The second, more detailed question is "**Which other factors correlate with the offering of these cafe or restaurant services**".  For example one assumption is that population should somehow correlate to the amount of cafes in the neighborhood.  The question then is, what factors seem good indicators - do the likes of education, income or presence of some other services nearby affect the demand for and offering of cafes?  The second question is to identify these factors.  Identifying these factors can then be used to search for good business locations.  For example, if these identified factors suggest that some area should have X cafes, but it has only Y, that area is perhaps a good opportunity for business.  


# 2. Data

---

This project uses two datasets, one is venue data provided by _Foursquare_, and the other is postal code area statistics dataset called Paavo, which is provided as open data from  _Statistics Finland_.


## 2.1 Foursquare data

---

Foursquare provides venue data near a given location.  A venue can be anything a foursquare user has entered into the service, like a cafe, restaurant, museum, park or a bus stop. Foursquare provides a lot of data about venues, like reviews of the venues, their location, type (category) etc.  Foursquare also provides information on users who report and evaluate venues, mainly focusing on user preferences.  Foursquare venue data is not open data, but it is available for free (to certain limits) for those who sign up as developers.  More information about Foursquare can be found at https://foursquare.com/

In this study we use only a small fraction of the venue data attributes available, focusing mostly on venue category information.

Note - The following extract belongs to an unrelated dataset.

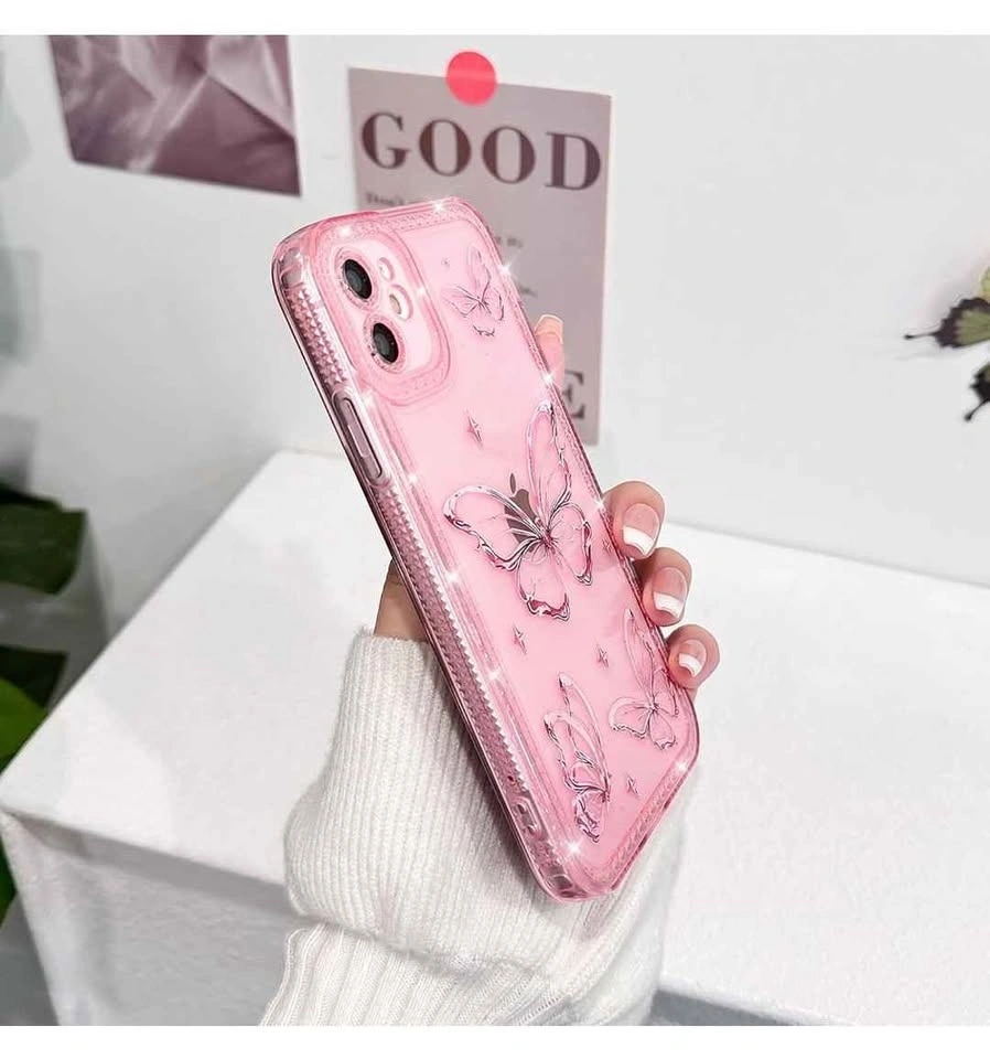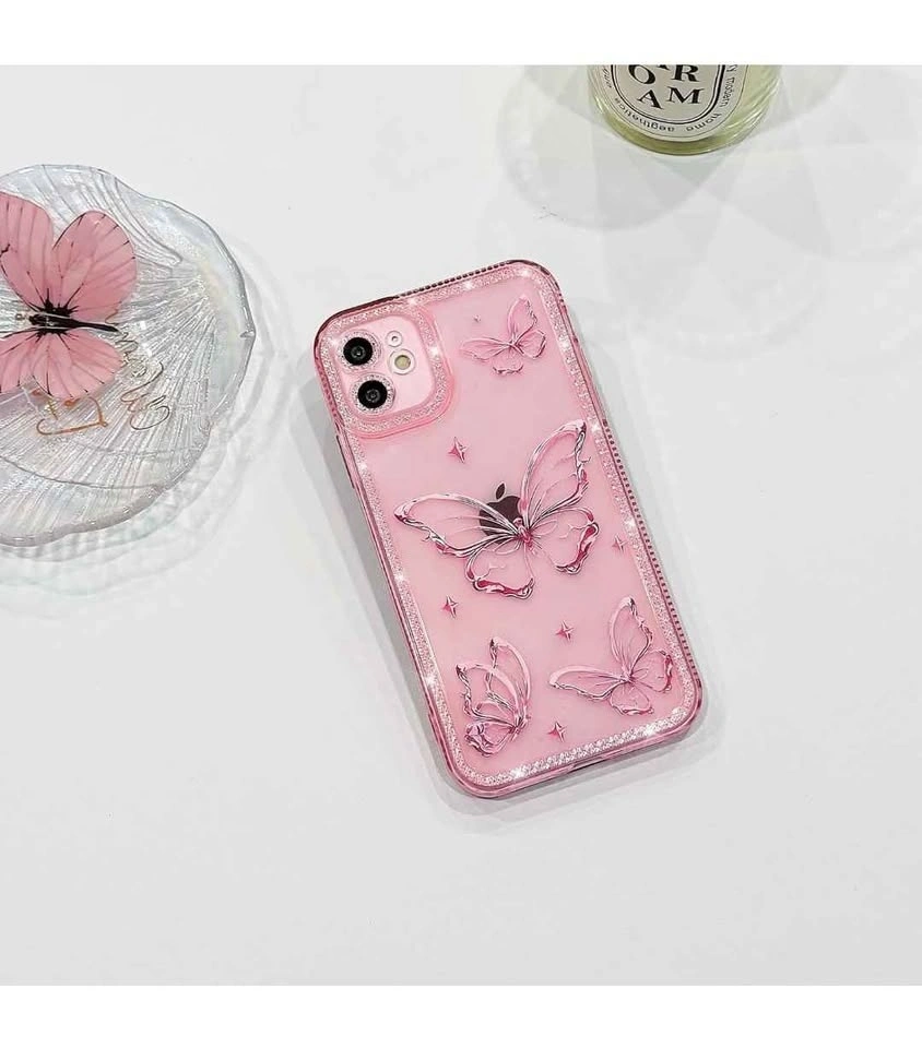 Cute clear case for iPhone 11 with a glitter butterfly design and shiny stars. Sparkly bling with diamond rhinestones. Soft TPU material provides shockproof protection. Pink color.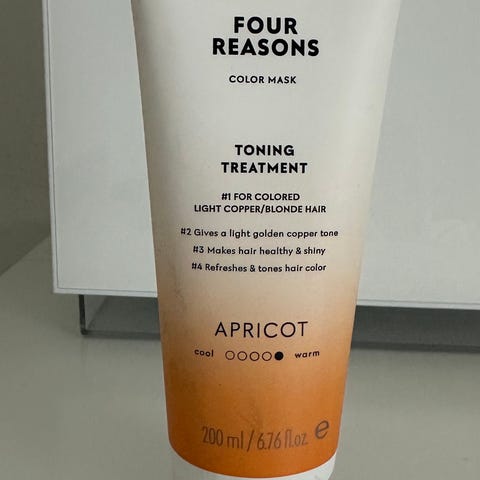 Four Reasons Color Mask Toning Treatment tehohoitoaine. Suunniteltu erityisesti värjätyille kuparinpunaisille hiuksille. Tuote antaa intensiivisen kuparin sävyn, tekee hiuksista terveet ja kiiltävät sekä virkistää ja ylläpitää hiusväriä. Sopii käytettäväksi värjätyille hiuksille sävyn ylläpitämiseen ja hoitamiseen. Molemmista käytetty ehkä 3kertaa, yli puolet vähintään jäljellä. Hiusten väri muuttui eikä enää tarvetta. Erinomainen tuote. Yhteishinta.

### 2.1.1 Downloading Foursquare venue data:

The overall data downloading process in short: For each postal code area, we call Foursquare's _explore_ -functionality to get a list of venues in that postal code area.  The results are stored in a Pandas DataFrame and then saved into a local file in CSV format for later analysis.

The explore functionality is called with postal code area centers' latitude and longitude information, and with a radius that is the square root of the postal code area size. Roughly, on average the radius is a bit on the long side, but this way we should be able to get all the venues. 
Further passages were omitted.